Let’s start 2017 out well…by forgetting we write for a blog and have done so consistently for over 3 years now…
I’ve lived in England for just over 5 months now and it’s increasingly hard for me to believe. I keep thinking my future adopted children are going to think I’m super cool. Though, whoever thinks their parents are cool? I mean, unless it’s from probably age 0 to age 7, then from age 20 and on most likely.
Living here, I’ve made some realizations. A lot of realizations, actually, but one of them is about travel. I’ve always enjoyed traveling. I want to go everywhere and see everything before I die.

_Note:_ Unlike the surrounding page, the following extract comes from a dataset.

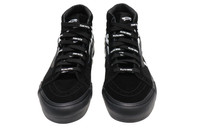 PRODUCT INFORMATION Model No: VN0A4BVH5X0 Closure: Lacing Release Date: 2021-07-22 Style: Street Style/Trendy Colorway: Black Heel Type: Flat heel Toe Type: Round Toe Sole Material: Rubber Sole Functionality: Slip-resistant/Wearable Season: All Season Color: BLACK Series: Sk8-Hi Nickname: Mean Eyed Cat - Black Occasion: skateboarding Patta and Vans have joined forces once again, this time to bring you the Patta x Vans Vault Sk8-Hi Reissue VLT LX ‘Black’. This sneaker features a black canvas upper with color-matched suede on the vamp, eyestay and heel overlay. ‘Team Patta’ is printed in a repeating pattern on the laces, while each of the side panels feature Patta’s oversized script logo in white. The vulcanized black rubber midsole rounds out the look and feel of this sneaker.
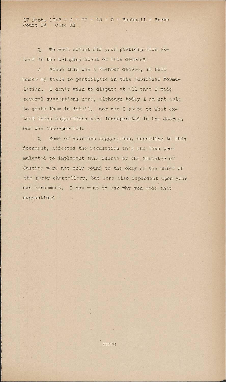 ASince this was a Fuehrer decree, it fell under my tasks to participate in this juridical formulation. I don't wish to dispute at all that I made several suggestions hare, although today I am not solo to state them in detail, nor can I state to what extent those suggestions were incorporated in the decree. One was incorporated.

Living in England has been a pipe dream of mine for a while. And yet, here I am, settled in and here. The glam and aw are gone. The sights and smells are familiar. This is my home.
So, if I go to Italy or Australia or Japan, it will be much the same. People are just living and working on paying their bills. All the glitz and glam of somewhere new will eventually fade to the mundane and ordinary. You carry your problems and anxieties with you wherever you go. You might think they’ll be overshadowed by the newness of it all, but, that’s only temporary.
I realize this sounds very negative and sad, but, it’s truly not. I think it’s growing up. You recognize that we’re all pretty much just trying to get by, in different ways but still, our aim is the same. Survive.